Indian gold importers are offering a discount of $2 an ounce versus London prices for the first time in almost five months due to market oversupply.
Importers generally charge a premium over London prices but demand in the world’s second-biggest gold consumer is expected to fall sharply this month after shipments surged in the past three months.
“Supply is in excess but demand is very weak because there are no weddings and festivals until mid January. The overall sentiment is weak,” said Prithviraj Kothari, executive director of India Bullion & Jewellers’ Association.

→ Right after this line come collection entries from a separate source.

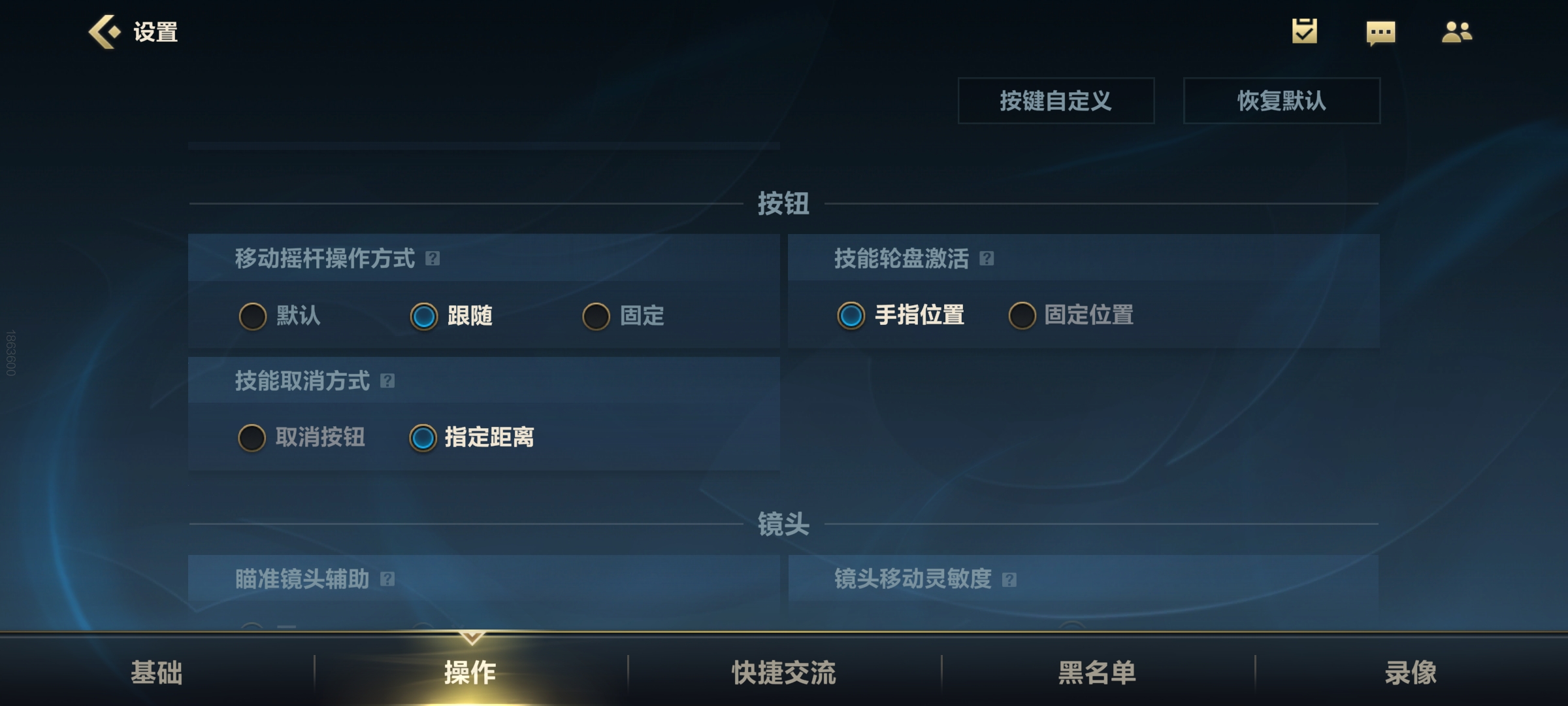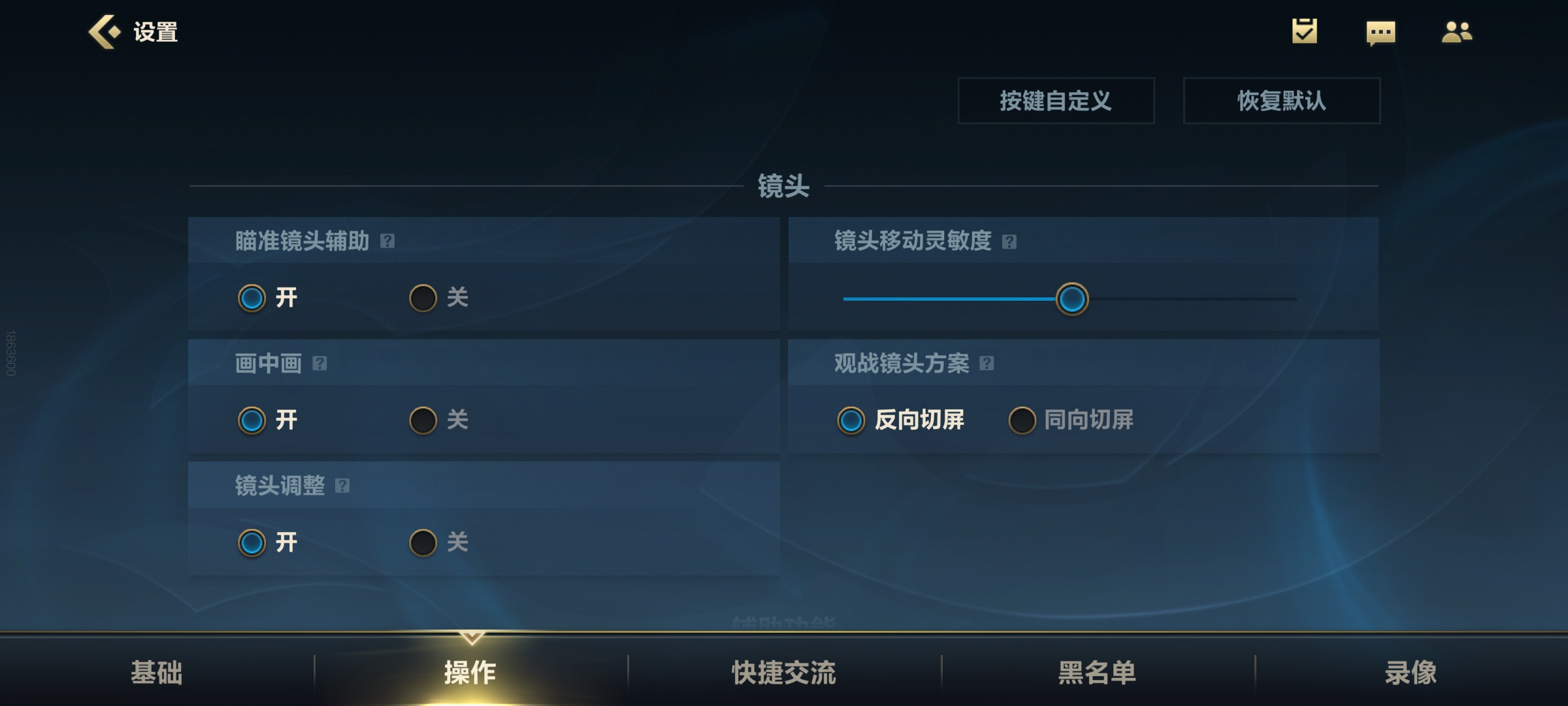 在镜头设置里,必须打开镜头调整,特别在大乱斗模式中,我们经常要拖动视野来观察敌人位置,有了镜头调整,就能固定好视角减少拖屏操作。游戏中如果想恢复原本视角,双击该按键就能还原。
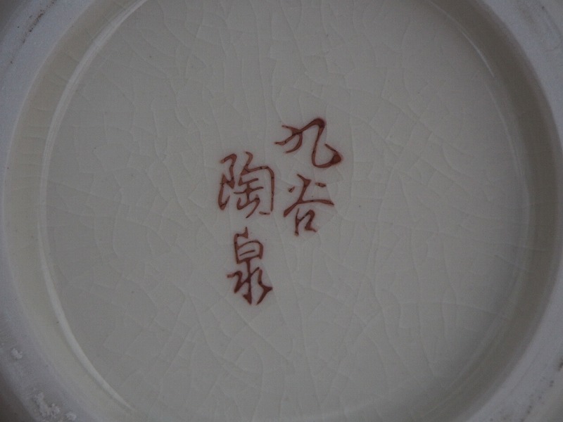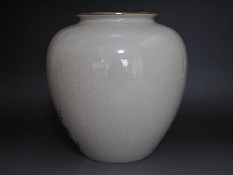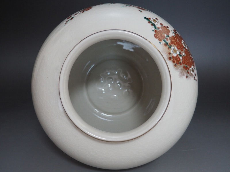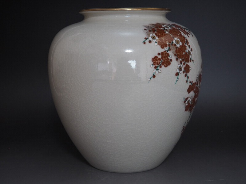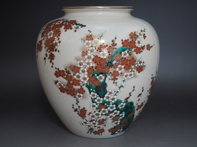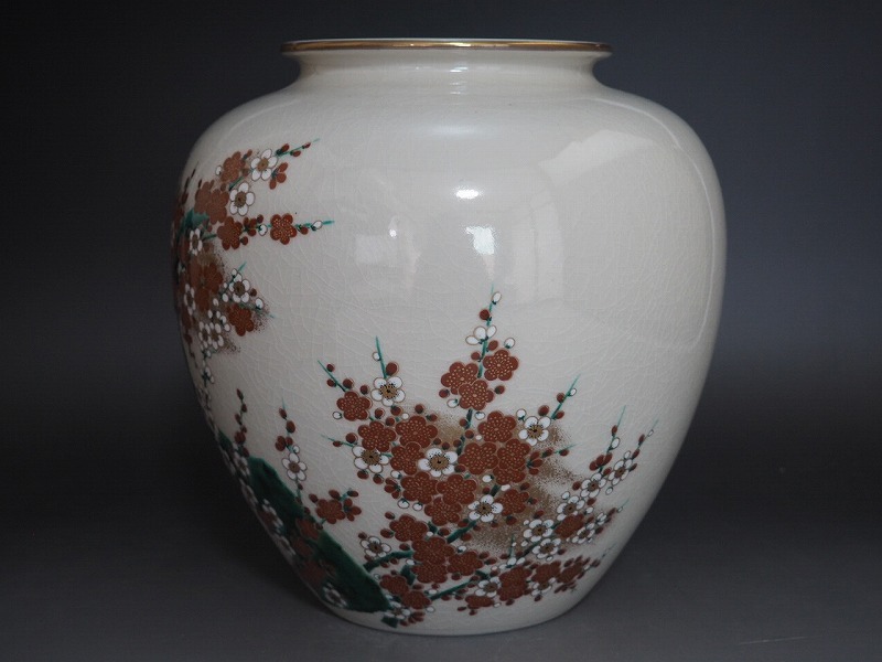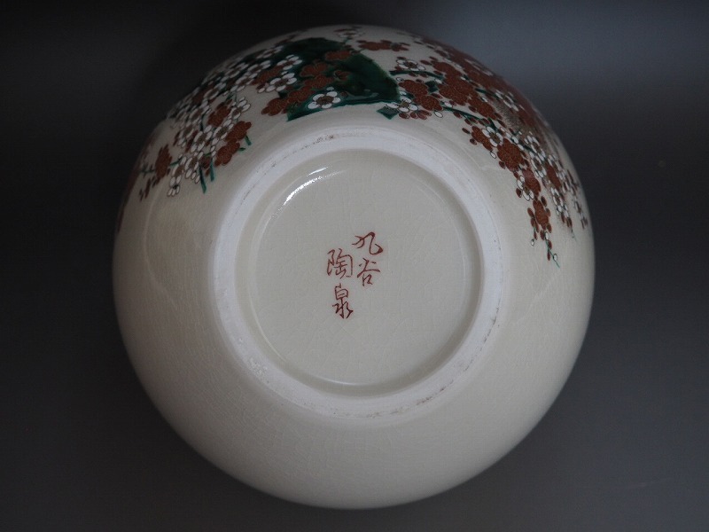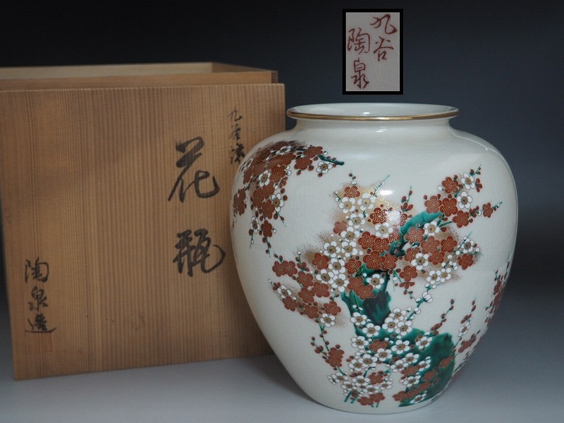 C0601 九谷焼 陶泉 造 紅白梅文 花瓶 共箱付 ☆ 花道具 華道具 茶道具 花器 花入 花生 飾壷 飾壺 陶器 作家物 在銘 陶印 美品 良品 無傷 | ||
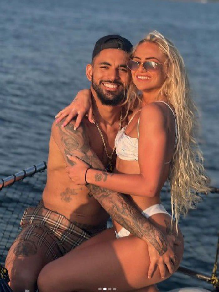Douglas Luiz e Alisha Lehmann assumiram romance no início do ano e vem conquistando o coração dos fãs com as fotos que postam nas redes sociais. Atualmente, o casal é muito conhecido e admirado na Inglaterra e no Brasil.
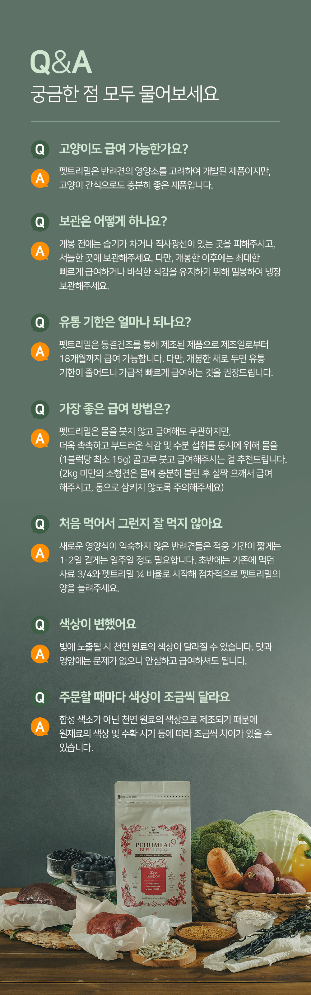 자연 속 레시피: 뉴질랜드산 양고기, 뉴질랜드산 양간, 양배추, 국내산 고구마, 당근, 캐나다산 아마씨, 브로콜리, 국내산 표고버섯, 국내산 멸치, 국내산 난각파우더, 국내산 미역, 인도산 보스웰리아, 국내산 백년초
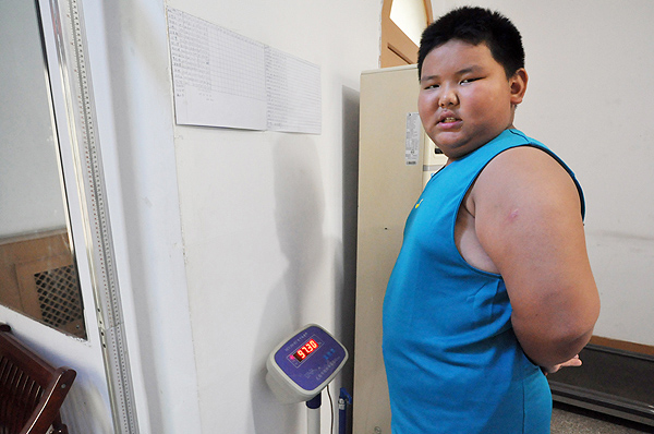 A boy meaures his weight at a a summer camp which aims to help obese children lose weight in Zhengzhou, Henan province, on July 14, 2103. [Photo by Zhang Tao/Asianewsphoto]
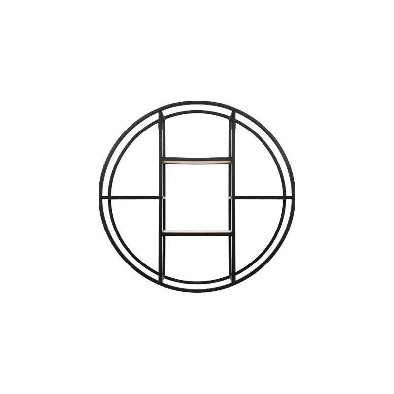 Etagère ronde à fixer au mur, en bois et métal.
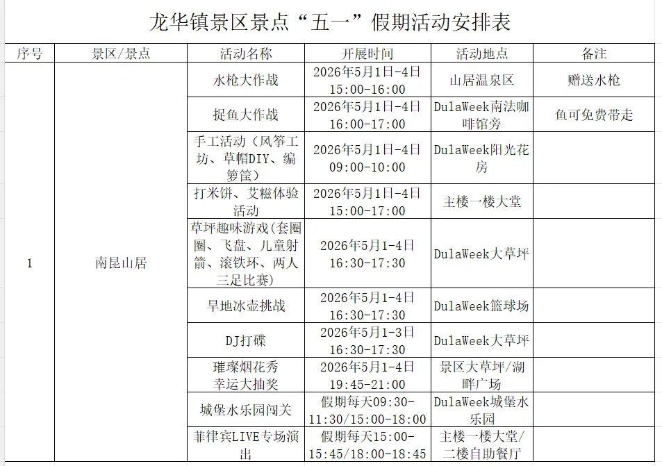 附:龙华镇景区景点“五一”假期活动安排表(南昆山居)
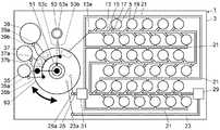 図12に示すように、切替えバルブ63を回転させてエアー吸引用流路39aとシリンジ流路51cを接続し、エアー吸引用容器エアー抜き流路39bをエアー抜き流路53bに接続する。シリンジ51を吸引側に駆動させてエアー吸引用容器39内の気体を切替えバルブ63内の流路、シリンジ流路51c及びシリンジ51内に吸引する。このとき、エアー吸引用容器39はエアー抜き流路39e,39d,39b、切替えバルブ63及びエアー抜き流路53bを介してベローズ53に接続されているので、エアー吸引用容器39内の減圧にともなってベローズ53が収縮する(白抜き矢印参照)。  As shown in FIG. 12, the switching
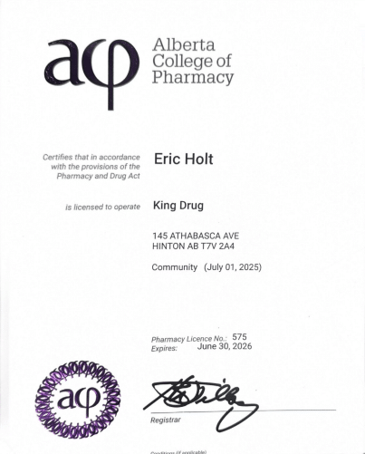 KING DRUG HAS BEEN INDEPENDENTLY OWNED AND OPERATED IN HINTON, AB FOR OVER 50 YEARS.
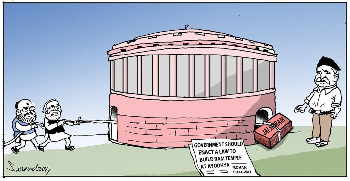 सुरेंद्र दर्शाते हैं कि नरेंद्र मोदी और अमित शाह मोहन भागवत की उस इच्छा को पूरी करने के लिए संघर्ष कर रहे हैं जिसका ज़िक्र मोहन भागवत ने विजयदशमी के भाषण में किया था. राममंदिर की नींव संसद के माध्यम से नहीं डाली जाएगी.
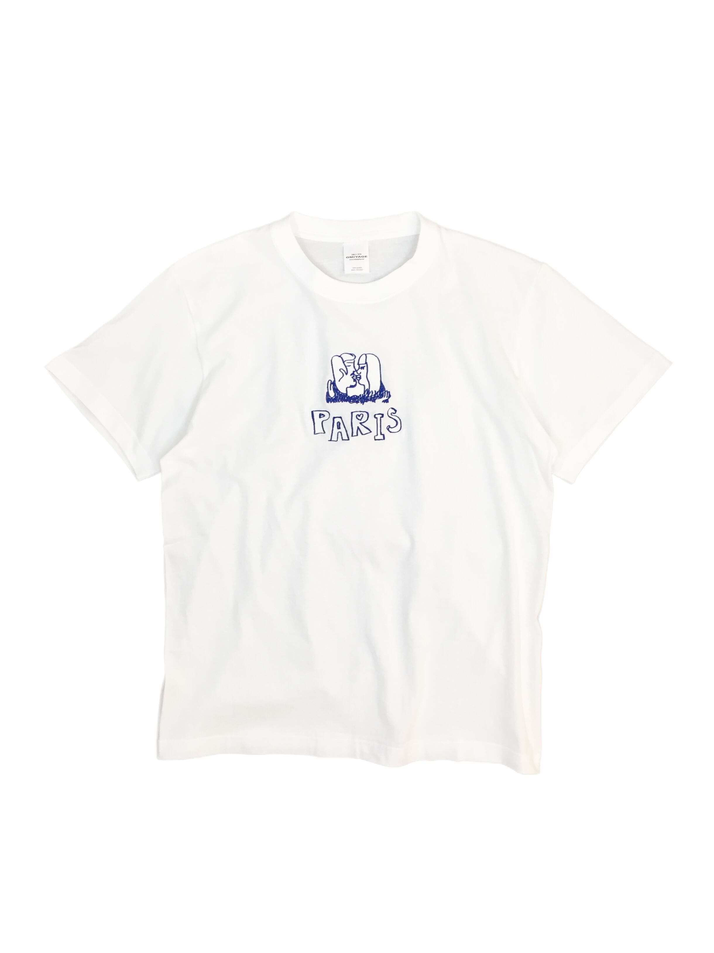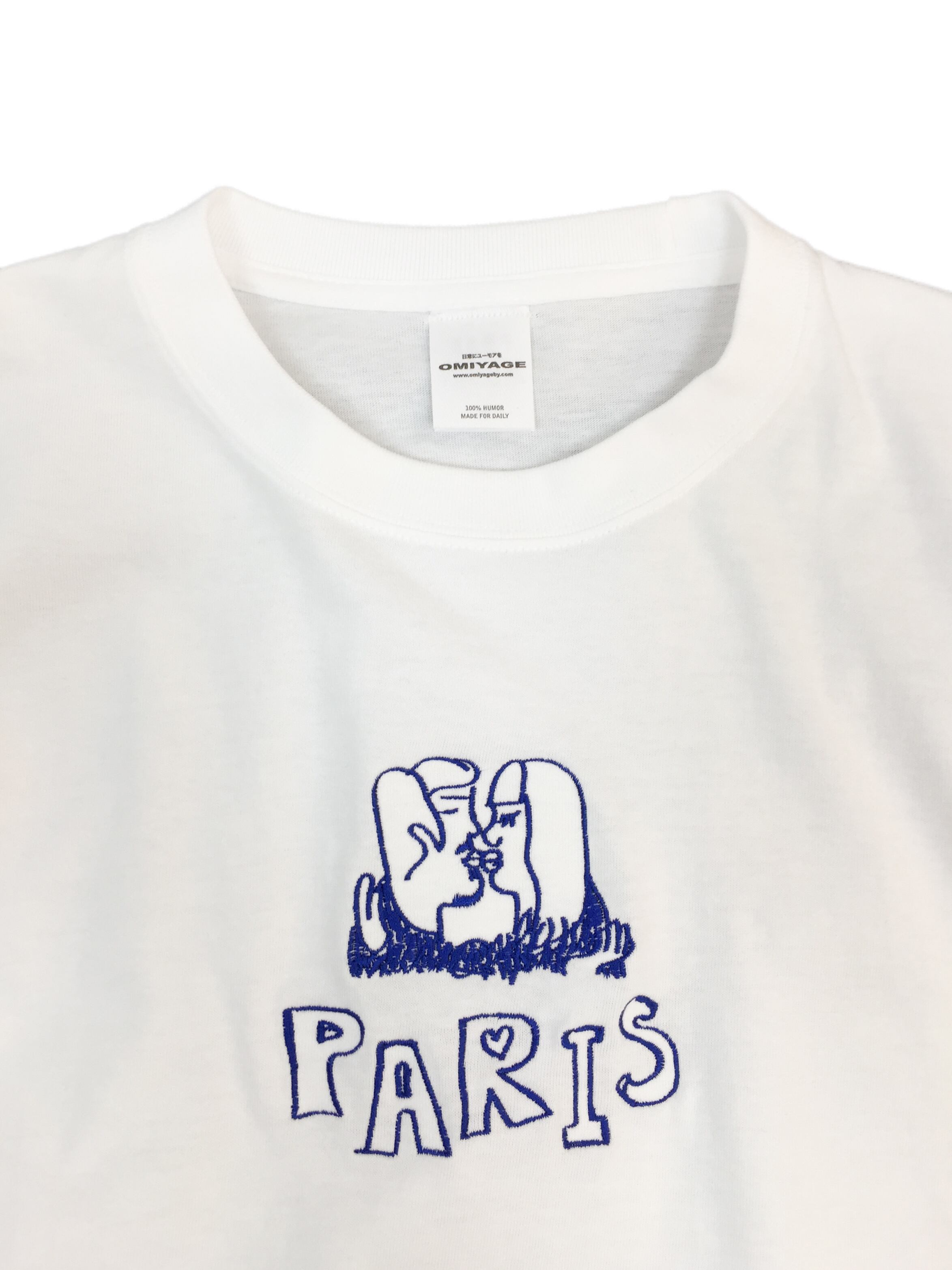 男女のキスとPARISの文字の粗い落書きが胸元に刺繍されています。

The south Asian country imported 151.6 tonnes of gold in November, up nearly 38 percent from October, as traders bought aggressively expecting curbs on overseas purchases.
But instead of putting in place more restrictions, the government last month surprisingly scrapped the so-called 80:20 rule mandating traders to export a fifth of all imported gold. Traders now have few takers for the gold they bought in November.
“Trading agencies were expecting curbs on imports and subsequently higher premium in December,” said Daman Prakash Rathod, director with Chennai-based wholesaler MNC Bullion.
“So they imported more than their requirement. They are now struggling to find buyers.”
India last year levied a record import duty of 10 percent on gold and introduced the 80:20 rule after surging trade and current account deficits sparked the worst currency turmoil since the 1998 balance of payment crisis.
India’s gold imports are typically strong in the second half of the year as banks and retailers stock up for weddings and major festivals such as Dhanteras and Diwali, celebrated in October.
“New imports are not happening because of a liquidity crunch and subdued demand,” Kothari said.
Lower gold imports in December will help India bring down the trade deficit which widened to an 18-month high in November.
“In December imports would be around 30-40 tonnes. Trading activity is quite dull now and it will remain so in the next few days,” said a Mumbai-based bank dealer.